When the first time was is hard to say.
I think it was triggered very early, perhaps by cartoons and my imagination.
I had access to my own computer at an early age and also knew how to use it, or how to use the search engine, so i searched for fat women on the internet and found Kelligrl.
That resulted in the first place from a fun website where there was the "I Want you fat way?" video.
Interesting that I have saved the pictures and, it was still in an age in which I have not ejaculated, but found it interesting and kind of erotic.
My brother has found the pictures a short time later and that had given me the damper that I had not looked further.
I guess i was about 11 maybe 12 years old.
A short time later i had my experience which has influenced me in this matter until today.
As a child and teenager, I spent every summer day at the lake or in the swimming pool whenever it was possible.
If i think about it correctly then i should have been 13 years old.
At that time i actually already knew that i was attracted to big and fat women, but tried to suppress this fact.
Anyway, one hot summer day after school i went to the pool with friends.
There were big meadow areas and we had looked for the furthest corner, so we had to walk a bit to get to the pool.

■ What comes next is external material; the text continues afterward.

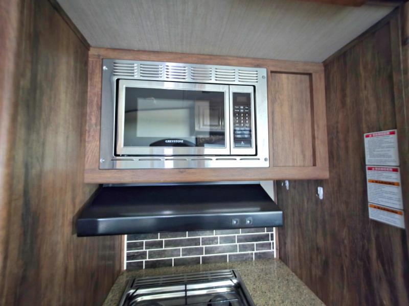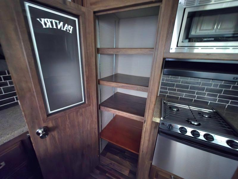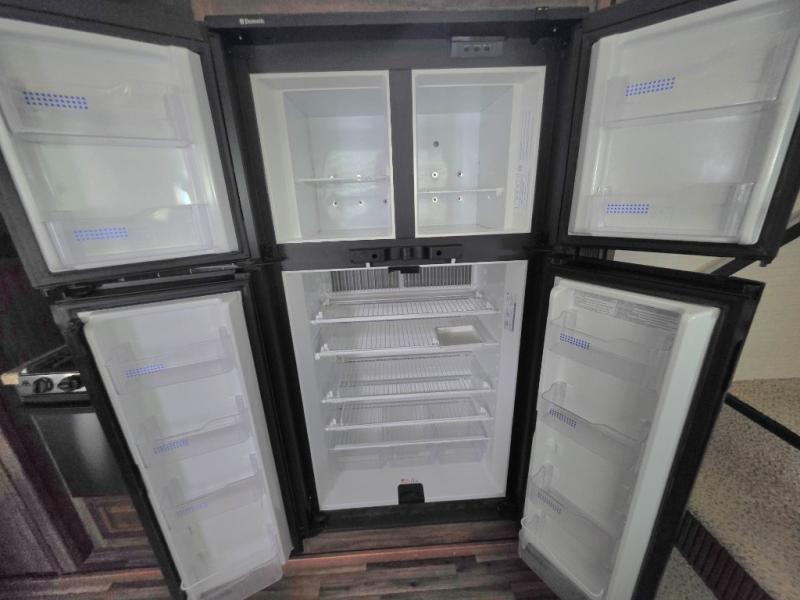 Step inside and find yourself in a spacious retreat with a large center kitchen. There is a free standing dinette to your right as you enter. Straight ahead is an L-shaped counter with double sink, overhead cabinet, and counter space. The slide out features a refrigerator, three burner range, and pantry.

There i saw a SSBBW about 30-40 years old sitting on her blanket in a bathing suit, she was apparently alone with her little son.
I would estimate her at maybe mid 400. She had a wide, huge ass with massive legs.
A huge belly, pillow-like arms and many rolls of fat on her back.
At least i could get a pretty good view of her huge body because of the tight swimsuit.
Definitely one of the biggest women i've seen in public so far, at least where I could get a good look at the figure.
In public you rarely see such big women who don't try to retouch their body with clothes.
To see her later in the water, while i dived past with diving goggles was the greatest thing.
I wished at that moment to be there alone, so that i could watch her permanently.
Of course, today I would respect the privacy and maybe risk a look. If the situation arises of course also address, in a respectful, honest way.
But if I remember back, I would have preferred to spend the day incognito around her. To watch every step that she make.
But even so, I have seen her often enough that my pupil brain was completely overwhelmed with this experience.
I also remember seeing her get up and move around.
It really was a magnificent sight and i'm sure it left a strong impression on me, in any case i was aware that i liked what i saw.
And when I was able to process it, I knew the woman from the swimming pool was like Kelligrl.
Probably that is the really start.
It still took a long time until i really became aware and can give a f***about it.
But the older you get, the more indifferent the opinion of others becomes.